INSTRUCTIONS FOR THE TASK | Repeat exactly the lines below from the line that contains "Curnt vs. Same" to the last line, inclusive, without the pictures.

RECORDS SHOWN |
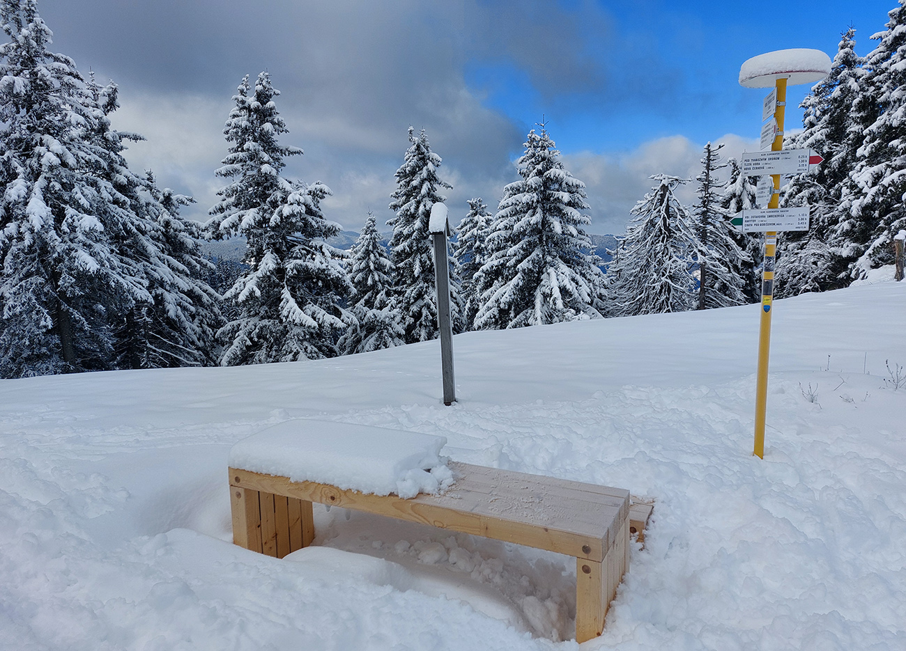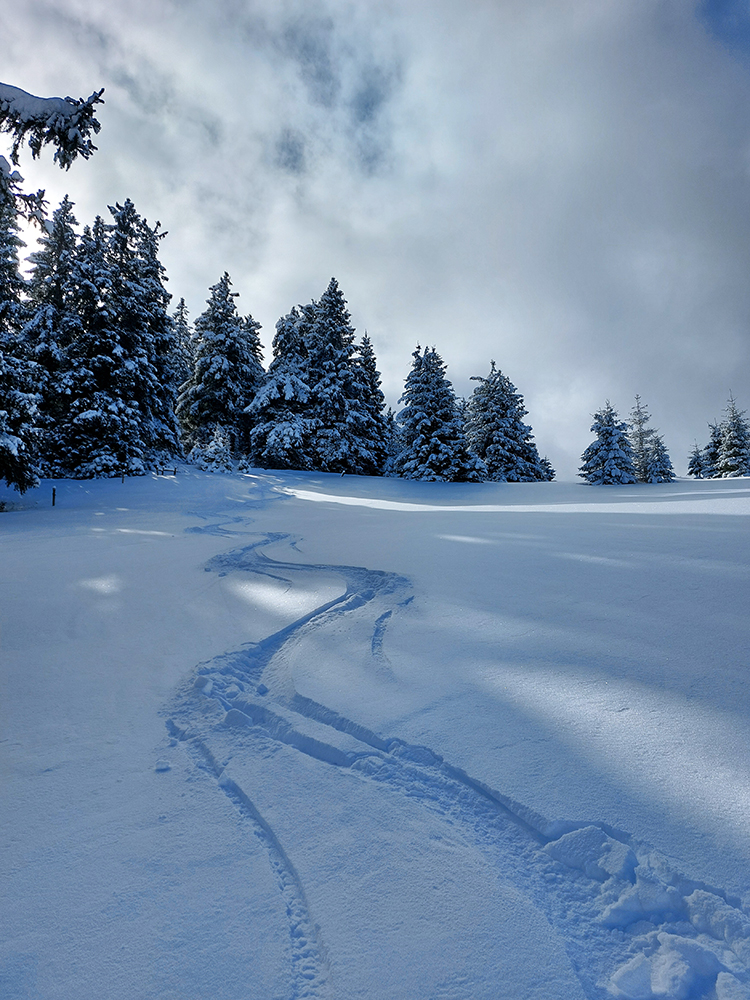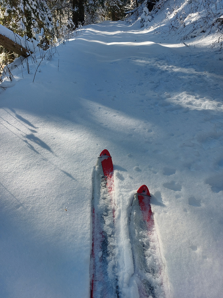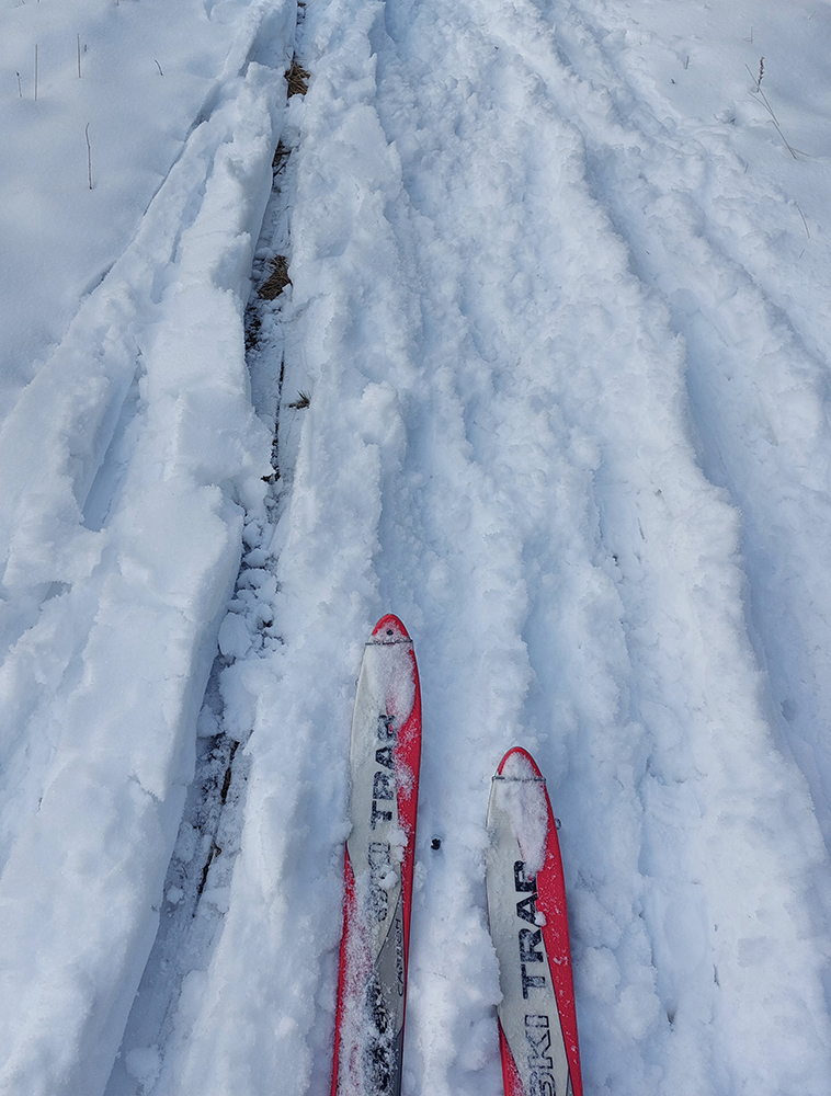 Noooo hej, napadlo – od päť do dvadsať čísiel, na žiadny základ. Alebo teda na ľadový, vo vyšších polohách. V nižších polohách možno aj posledný raz tejto zimy. Na strmých svahoch nová perina neprilepená a hrozba lavín, v nižších polohách nula snehu, tak ako sa dostať tam, kde by sa dalo aspoň poprechádzať? Nájdu sa isto aj miesta, kde sa dá dobre polyžovať, ale treba vychádzať z reálnych možností. Takže požiadavka znela: nenosiť a neprenášať dlho a najlepšie ani často pásy neodliepať. Preto vlakom do Rybárpoľa a po 20 minútach pešovania lyže na sneh - na umelý, zjazdovkový, široko – ďaleko jediný, ako inak. O siedmej ráno, nech potom nezavadziam. A samozrejme som nebol jediný ani prvý. Niektorí ranostaji už tam po výšľape balili kšeft. Vzal som kameňáky a aj pásy som nahodil tie najstaršie, lebo som tušil, že na ľadovom menčestri budú stačiť a vyššie v lesoch im poukrývané zákernosti nebudú až tak vadiť. Dole sviežich vari mínus päť, cez deň vraj o 10 viac, hore malo byť cez deň mierne pod nulou.
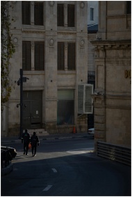 Two people walk along a quiet street in Baku's old
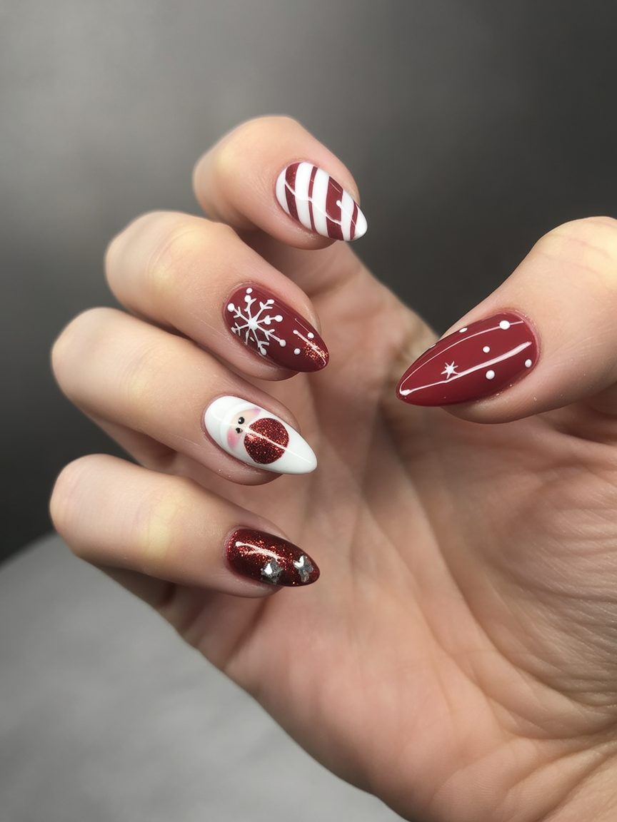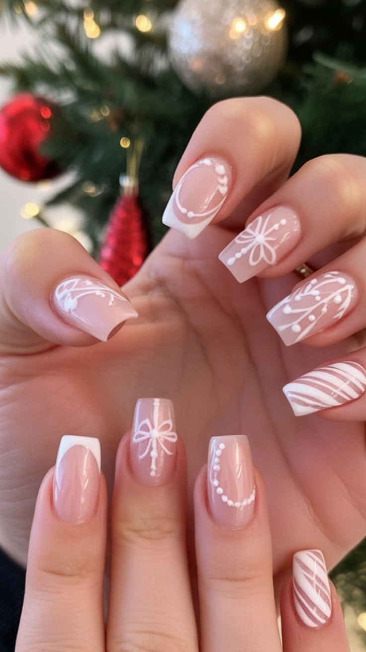 Soft blush nails with fine white bows, garland dots, and ribbon-like stripes feel fresh, feminine, and subtle. The look is almost like gift wrap done in whisper tones—dainty and elegant rather than bold. It’s a quiet festive nod for someone who prefers minimal color with soft detailing.
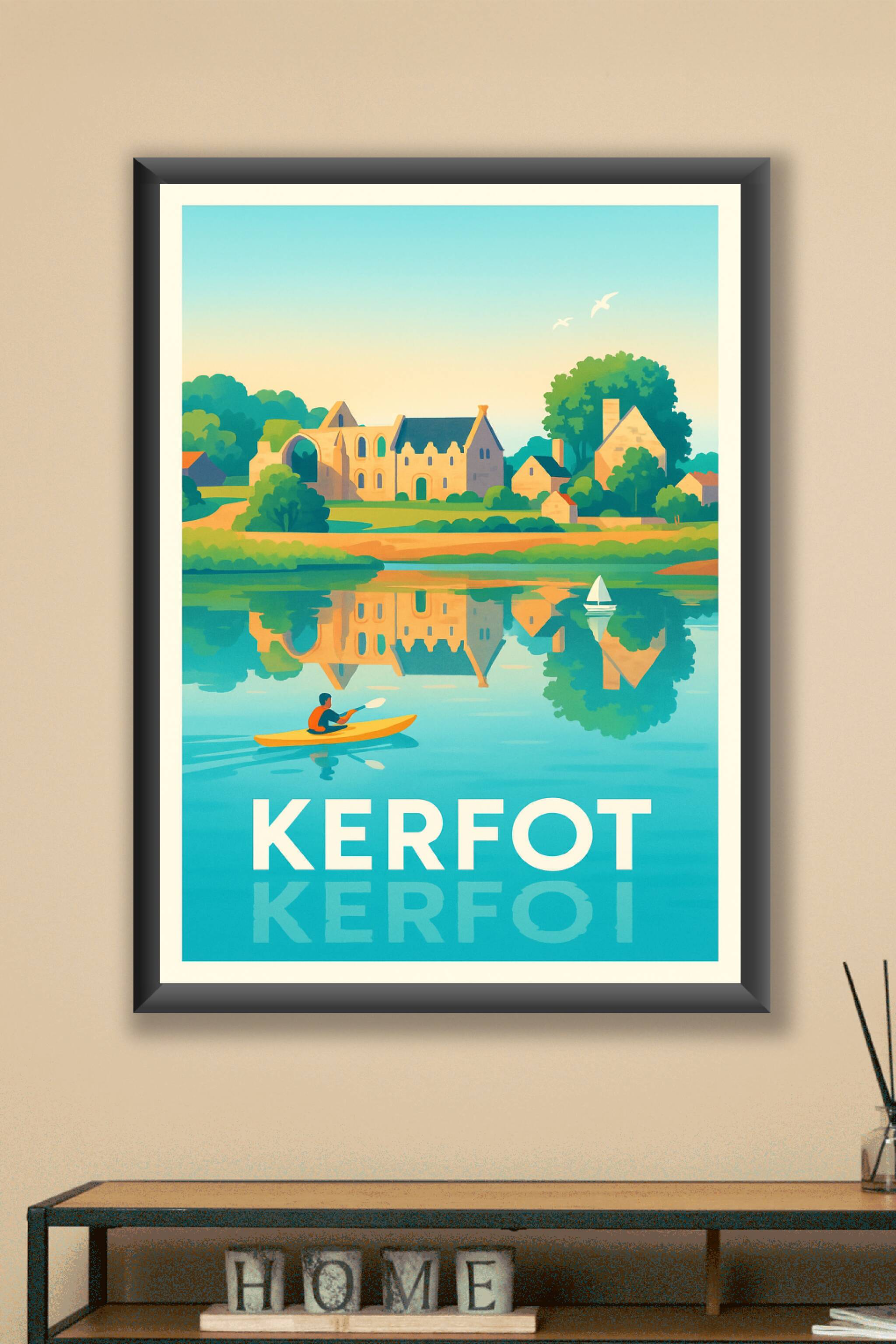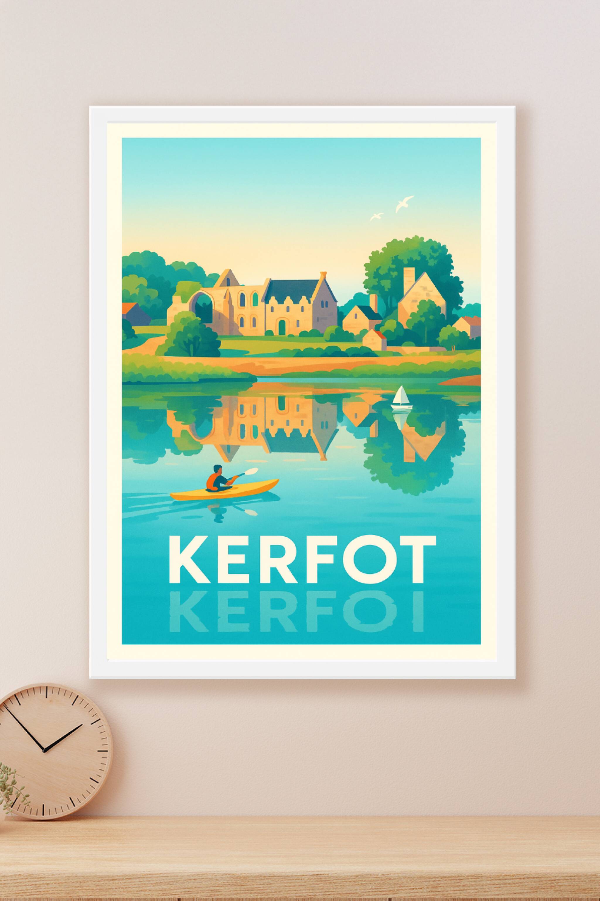 Découvrez la sérénité de Kerfot à travers cette affiches illustrée aux couleurs douces et lumineuses, mettant en scène un kayak glissant sur une ea...
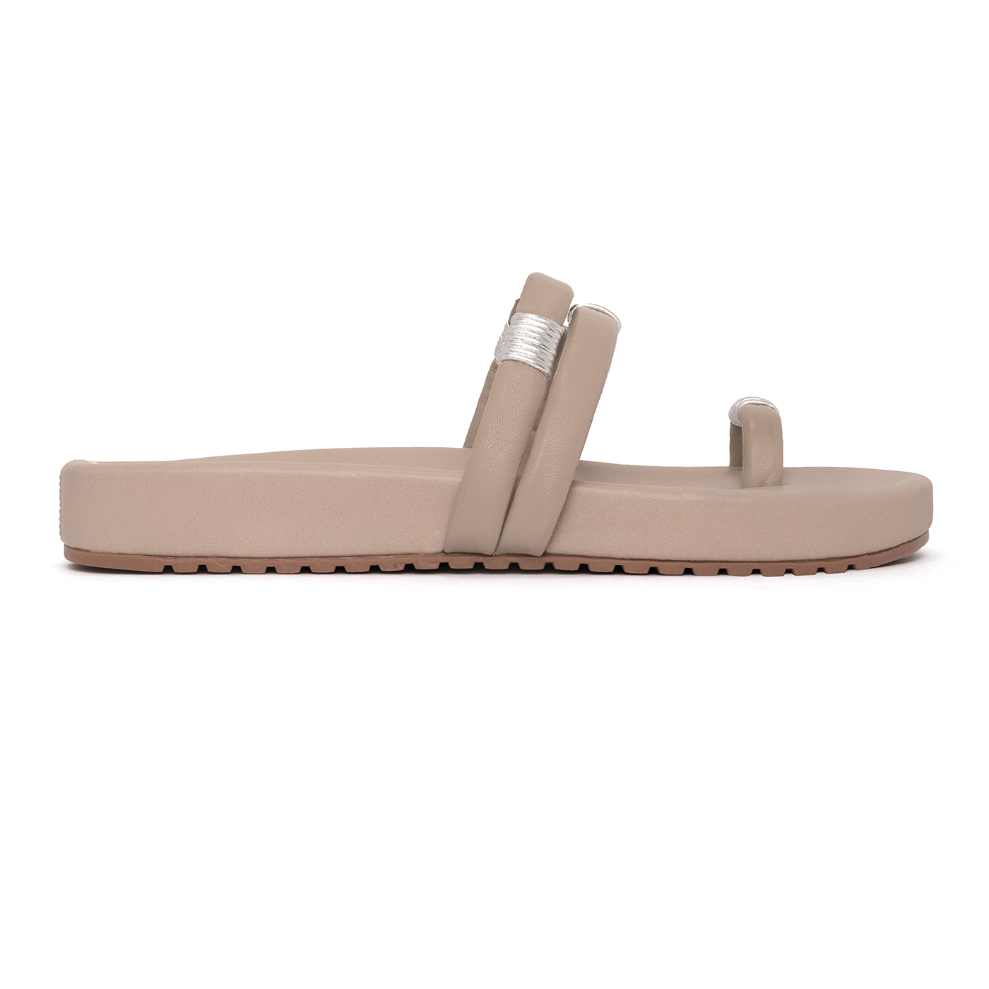 Sandalia Plana Lyra Taupe con Plata
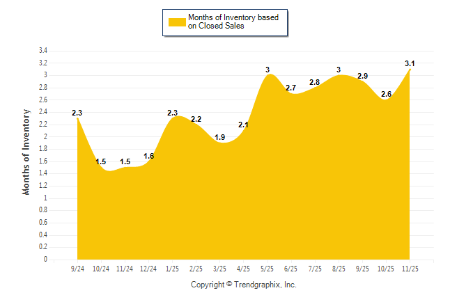 Curnt vs. Same Month 1 Yr Ago: Months of Inventory (Closed Sales)
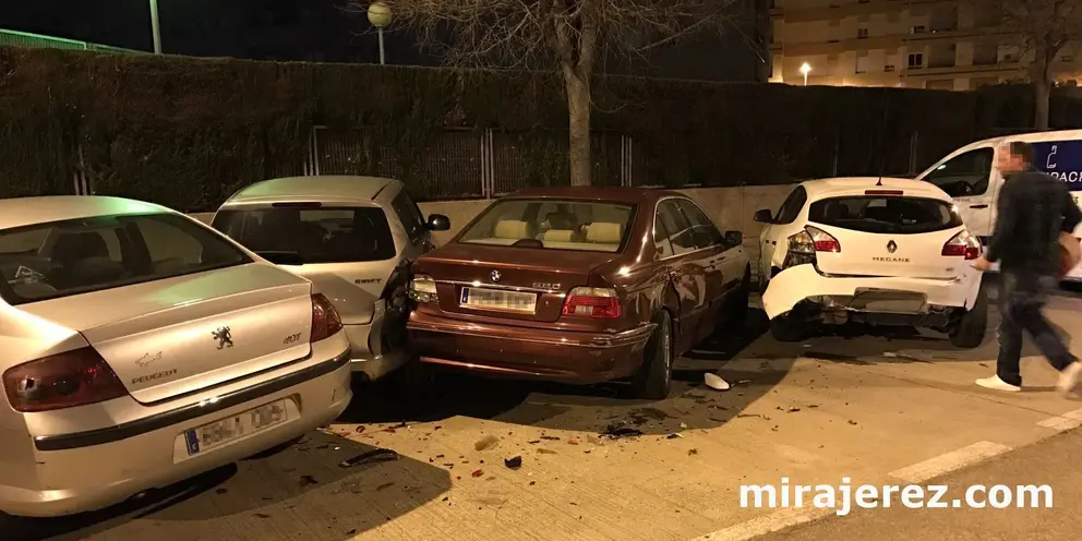 Varios testigos informan a MIRA Jerez que un BMW 320 de color blanco colisionó a gran velocidad con cuatro vehículos correctamente estacionados.
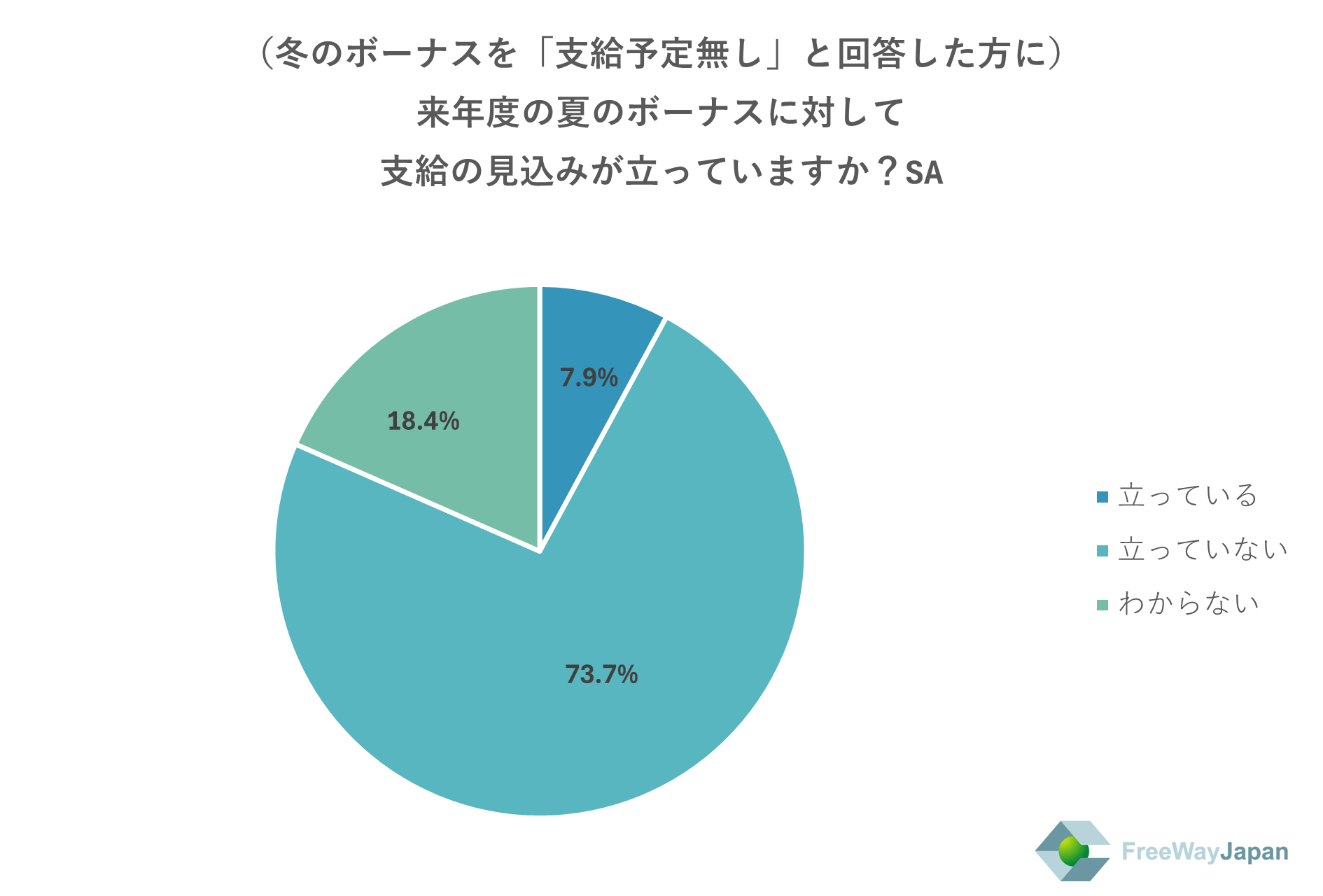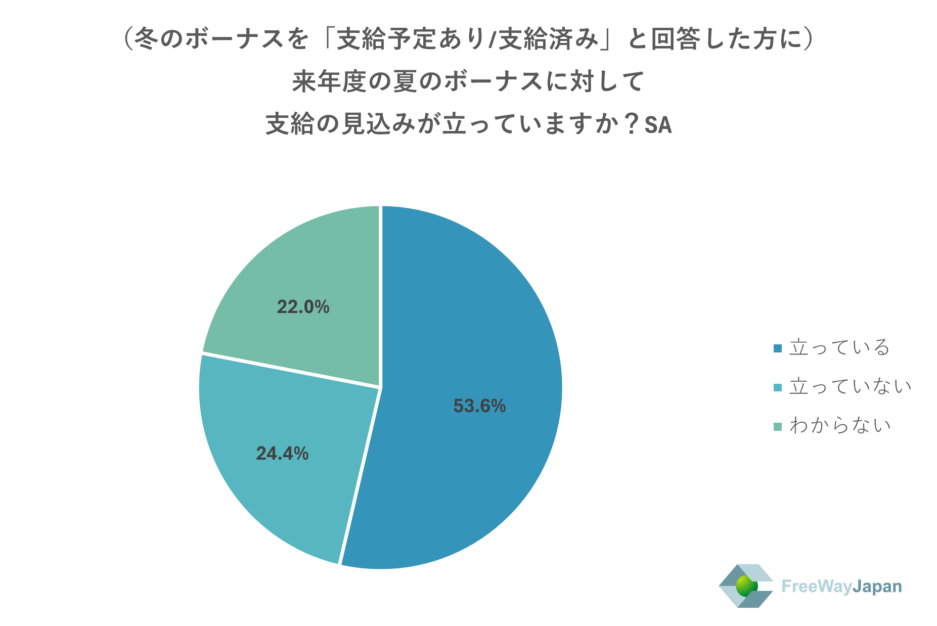 また、上記区分けにおいて、来年度の夏のボーナスに対する支給の見込みについての回答結果を見ると、冬のボーナスを「支給予定あり/支給済み」と回答した方は「立っている」が53.6%、「立っていない」が24.4%、「わからない」が22.0%だった。一方で冬のボーナスを「支給予定無し」と回答した方においては、「立っていない」が73.7%、「わからない」が18.4%、「立っている」が7.9%という結果だった。

YOUR RESPONSE |
 Curnt vs. Same Month 1 Yr Ago: Months of Inventory (Closed Sales)
 Varios testigos informan a MIRA Jerez que un BMW 320 de color blanco colisionó a gran velocidad con cuatro vehículos correctamente estacionados.
 また、上記区分けにおいて、来年度の夏のボーナスに対する支給の見込みについての回答結果を見ると、冬のボーナスを「支給予定あり/支給済み」と回答した方は「立っている」が53.6%、「立っていない」が24.4%、「わからない」が22.0%だった。一方で冬のボーナスを「支給予定無し」と回答した方においては、「立っていない」が73.7%、「わからない」が18.4%、「立っている」が7.9%という結果だった。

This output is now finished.